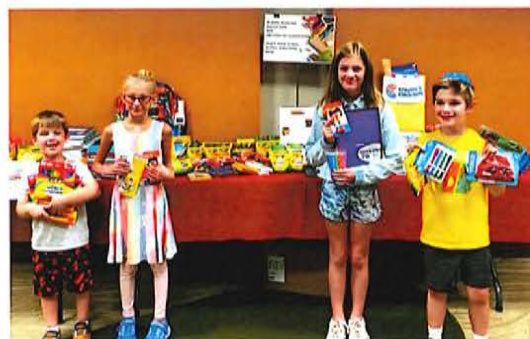
Our school supply collection table was overflowing with donations, which will be given to Crayons to Classrooms.

As well, starting this year the flags that are placed by the graves of our military veterans on Memorial Day weekend will be collected around July 4th rather than left in place until the following Memorial Day. The appearance of the flags has become an issue and the Jewish War Veterans who distribute the flags can now recycle them. Collecting flags soon after Memorial Day is actually the established protocol by most veterans groups including the American Legion.
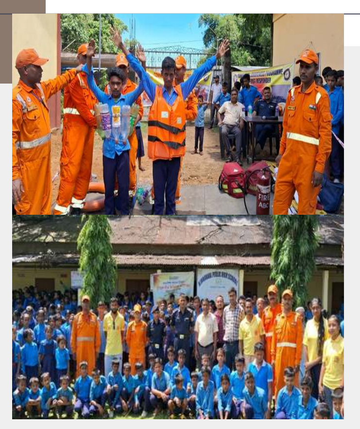
Dated: 03/09/2024, Kinnakhal Public High School, Katigorah

Awareness program was conducted at Kinnakhal Public High School under Katigorah Revenue Circle, focusing on various types of disasters and preparedness. Sessions were led by the 1st BN NDRF, who educated students on crucial actions to be taken before, during, and after any kind disasters. The program emphasized on proactive measures for community safety, including recognizing warning signs, understanding evacuation procedures, and adhering to safety protocols. Through interactive presentations and discussions, students acquired valuable skills to protect themselves and others during emergencies. The 1st BN NDRF along with CQRT volunteers facilitated an extensive exchange of information, fostering a culture of preparedness and resilience within the community.
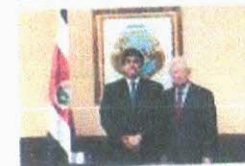
President Carlos Alvarado Quesada of Costa Rica
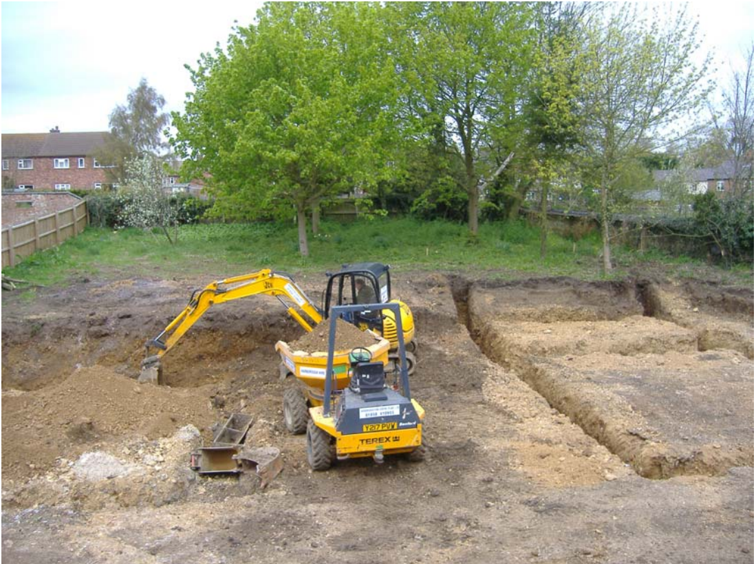
Plate 2: The foundation trenches during excavation
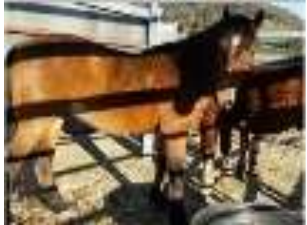
VBA Maximus not long after capture

You can read more about the Australian Brumby Challenge on our website: www.australianbrumbychallenge.com.au or on the Facebook page.
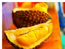
1 Weird Food That Eats Your Diabetes
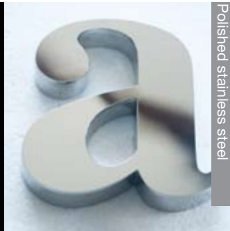
Polished stainless steel
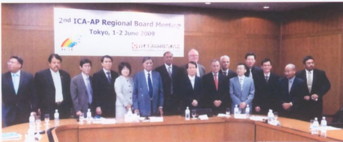
Group photo of the distinguished participants at the ICA AP Regional Board meeting in Tokyo, Japan
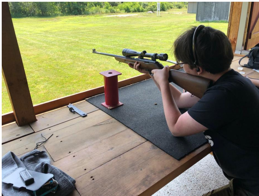
My young Godson, after enduring my instruction, successfully engaging targets for the first time and warming the heart of this old infantryman!
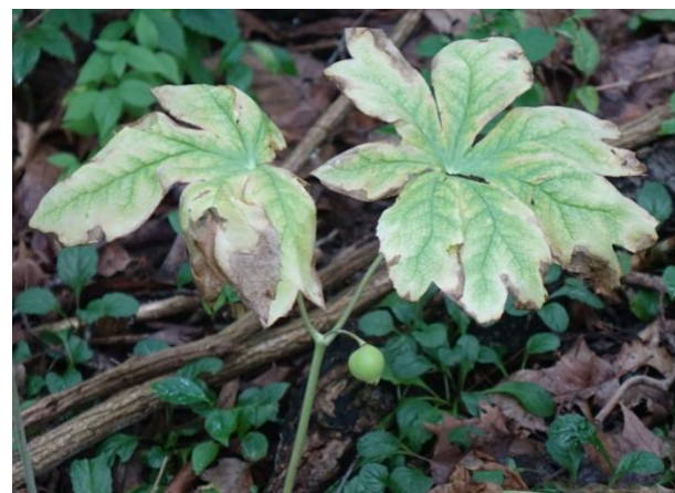
The Mayapples are Fading
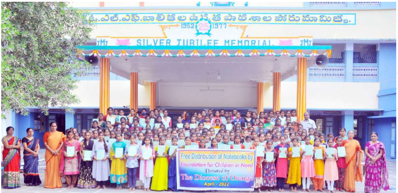
O.L.F. HIGH SCHOOL, PORUMAMILLA
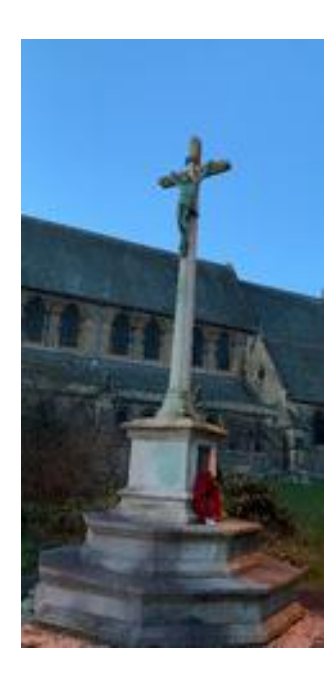
War memorial in St Giles churchyard
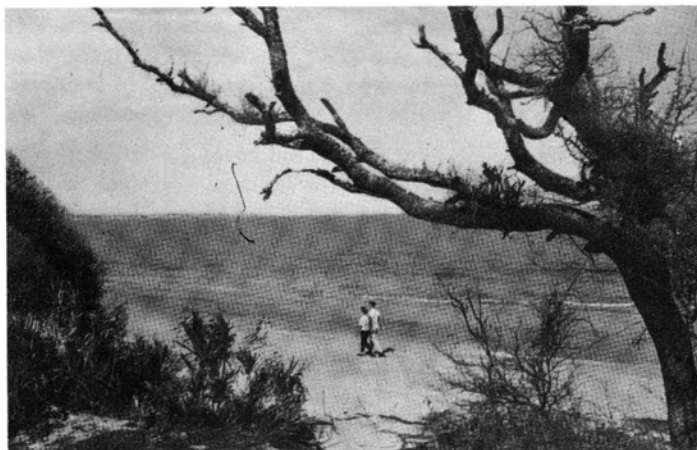
Away from the world—Jekyll Island
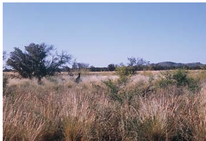
Figure 5. Red soil grasslands.

Gibber flats (pit trap site 9). These were treeless areas with sparse grasses and ground almost completely covered with small stones.
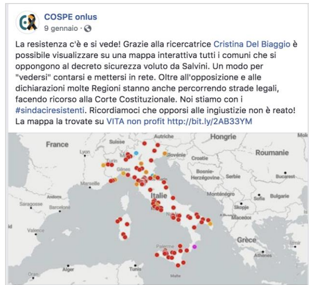
Figure 10. “Resistance does exist and you can see it!”.
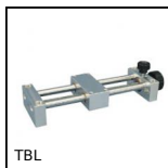
TBL Mini leadscrew table with metric thread, 1kg
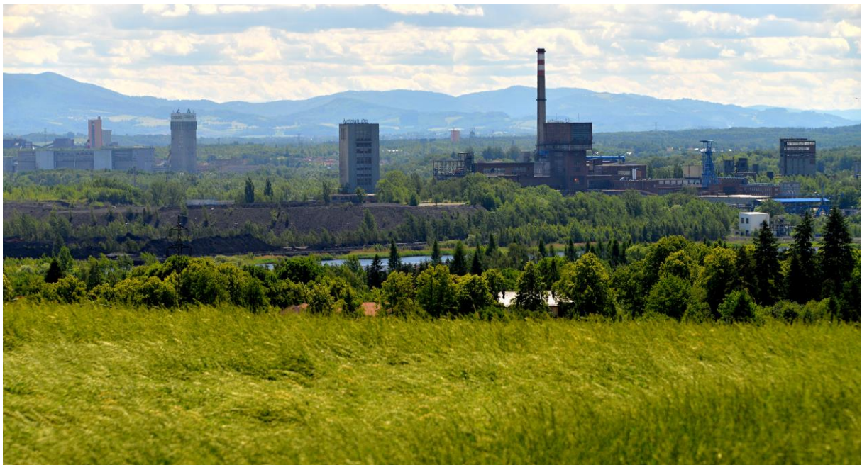
Fig. 13: Mining cultural landscape in Karviná is an example of a living prosperous industrial landscape, bringing prosperity to the whole region.
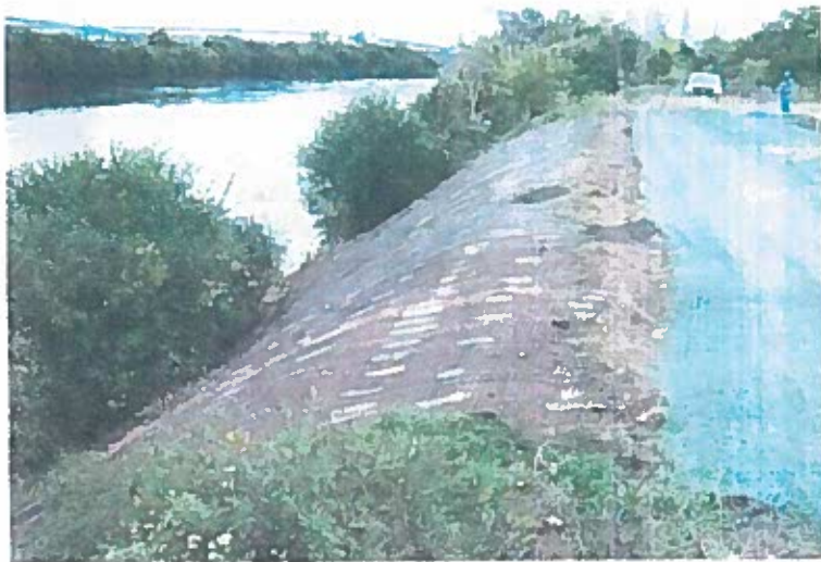
Photo 12 - Area 6A, after repair work was completed. View is from the east.
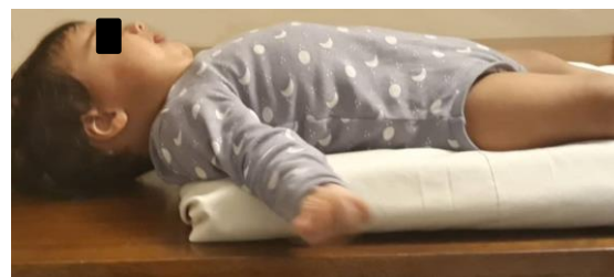
Figure 2. This picture demonstrates how to place a mattress under the child's body in case there is no special transport board to carry the multiply injured child.

A specific transport board with an occipital cutout is used to transport the child under 6 years old due to large head-to-body ratio. Using traditional transport board for young children can cause cervical cord injury because of flexion of cervical spine. We can use a mattress beneath the child body in situation that special transport board is not available (Figure 2). Immobilization of the cervical spine is necessary because every multiply injured child is supposed to have cervical spine injury (4).
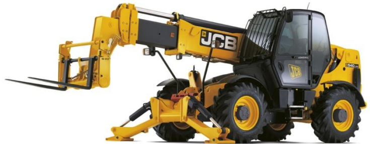
TELE HANDLER FORKLIFT
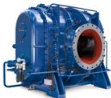
Alpha Blower stage

104 model variants with low pulsation, reduced piping noise, integrated sound reduction measures and oil system fully integrated in the stage. 2-/3-lobe blower package with direct or belt drive in modular system.
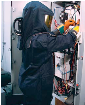
Eaton's significant refurbishment and repair capabilities

Eaton.com/disasterresponse Eaton.com/satellites 24/7 emergency response hotline: 1-800-498-2678
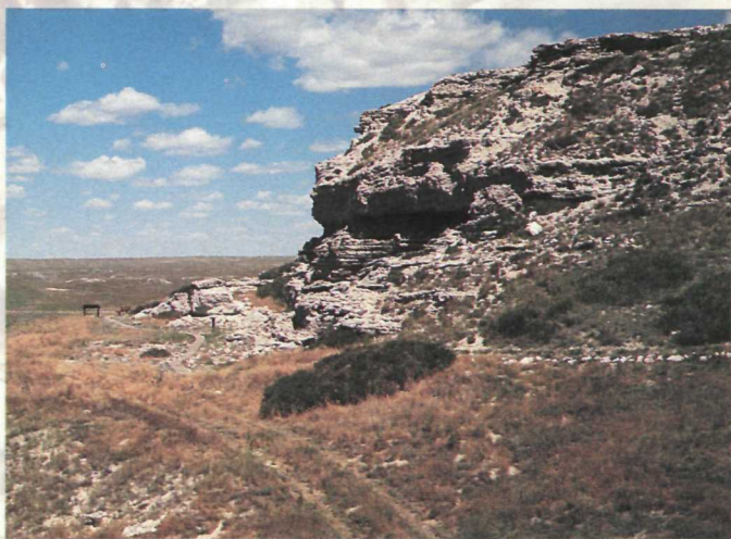
The Carnegie Hill Fossil Quarry
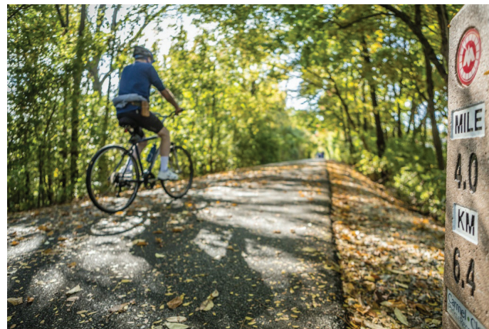
Figure 6: Monon Trail in Carmel

Fifty-five percent of survey respondents reported participating in a second activity on the trail. Tables 4 and 5 show that walking, biking, and running/jogging were again the top three responses with walking being the most common secondary activity. Users spent an average of two days a week on those activities, averaging 71-minute sessions and more than four miles of distance.
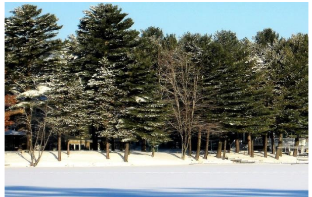
Winter on the Chain
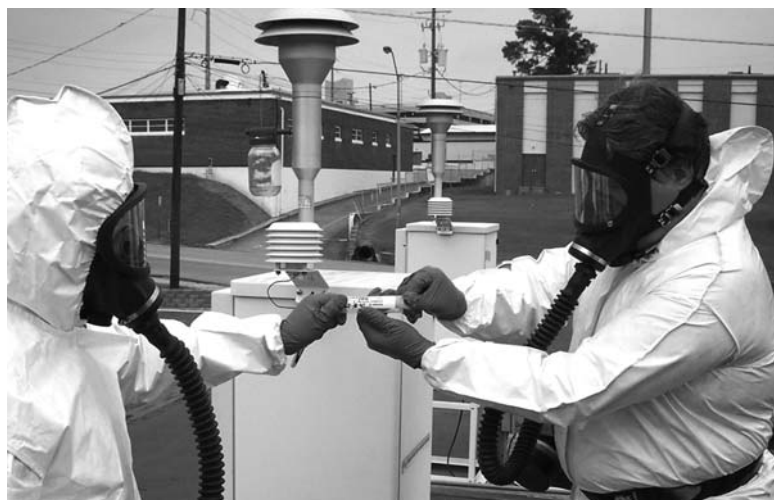
Georgia EPD's Emergency Response Program, shown here in training, could receive major budget cuts.

Existing EPD positions created by the General Assembly in various state budgets have not actually been filled for several years because of administrative decisions. In addition, many positions in the EPD offer salaries that are so low compared to similar jobs in the private sector that few applicants have applied for them.
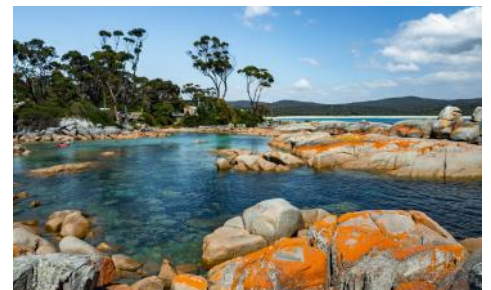
Bay Of Fires

- Work instruction -
What you return should be all of the material above, exactly, and none of its pictures.

- Exercise output -
Our school supply collection table was overflowing with donations, which will be given to Crayons to Classrooms.

As well, starting this year the flags that are placed by the graves of our military veterans on Memorial Day weekend will be collected around July 4th rather than left in place until the following Memorial Day. The appearance of the flags has become an issue and the Jewish War Veterans who distribute the flags can now recycle them. Collecting flags soon after Memorial Day is actually the established protocol by most veterans groups including the American Legion.
Dated: 03/09/2024, Kinnakhal Public High School, Katigorah

Awareness program was conducted at Kinnakhal Public High School under Katigorah Revenue Circle, focusing on various types of disasters and preparedness. Sessions were led by the 1st BN NDRF, who educated students on crucial actions to be taken before, during, and after any kind disasters. The program emphasized on proactive measures for community safety, including recognizing warning signs, understanding evacuation procedures, and adhering to safety protocols. Through interactive presentations and discussions, students acquired valuable skills to protect themselves and others during emergencies. The 1st BN NDRF along with CQRT volunteers facilitated an extensive exchange of information, fostering a culture of preparedness and resilience within the community.
President Carlos Alvarado Quesada of Costa Rica
Plate 2: The foundation trenches during excavation
VBA Maximus not long after capture

You can read more about the Australian Brumby Challenge on our website: www.australianbrumbychallenge.com.au or on the Facebook page.
1 Weird Food That Eats Your Diabetes
Polished stainless steel
Group photo of the distinguished participants at the ICA AP Regional Board meeting in Tokyo, Japan
My young Godson, after enduring my instruction, successfully engaging targets for the first time and warming the heart of this old infantryman!
The Mayapples are Fading
O.L.F. HIGH SCHOOL, PORUMAMILLA
War memorial in St Giles churchyard
Away from the world—Jekyll Island
Figure 5. Red soil grasslands.

Gibber flats (pit trap site 9). These were treeless areas with sparse grasses and ground almost completely covered with small stones.
Figure 10. “Resistance does exist and you can see it!”.
TBL Mini leadscrew table with metric thread, 1kg
Fig. 13: Mining cultural landscape in Karviná is an example of a living prosperous industrial landscape, bringing prosperity to the whole region.
Photo 12 - Area 6A, after repair work was completed. View is from the east.
Figure 2. This picture demonstrates how to place a mattress under the child's body in case there is no special transport board to carry the multiply injured child.

A specific transport board with an occipital cutout is used to transport the child under 6 years old due to large head-to-body ratio. Using traditional transport board for young children can cause cervical cord injury because of flexion of cervical spine. We can use a mattress beneath the child body in situation that special transport board is not available (Figure 2). Immobilization of the cervical spine is necessary because every multiply injured child is supposed to have cervical spine injury (4).
TELE HANDLER FORKLIFT
Alpha Blower stage

104 model variants with low pulsation, reduced piping noise, integrated sound reduction measures and oil system fully integrated in the stage. 2-/3-lobe blower package with direct or belt drive in modular system.
Eaton's significant refurbishment and repair capabilities

Eaton.com/disasterresponse Eaton.com/satellites 24/7 emergency response hotline: 1-800-498-2678
The Carnegie Hill Fossil Quarry
Figure 6: Monon Trail in Carmel

Fifty-five percent of survey respondents reported participating in a second activity on the trail. Tables 4 and 5 show that walking, biking, and running/jogging were again the top three responses with walking being the most common secondary activity. Users spent an average of two days a week on those activities, averaging 71-minute sessions and more than four miles of distance.
Winter on the Chain
Georgia EPD's Emergency Response Program, shown here in training, could receive major budget cuts.

Existing EPD positions created by the General Assembly in various state budgets have not actually been filled for several years because of administrative decisions. In addition, many positions in the EPD offer salaries that are so low compared to similar jobs in the private sector that few applicants have applied for them.
Bay Of Fires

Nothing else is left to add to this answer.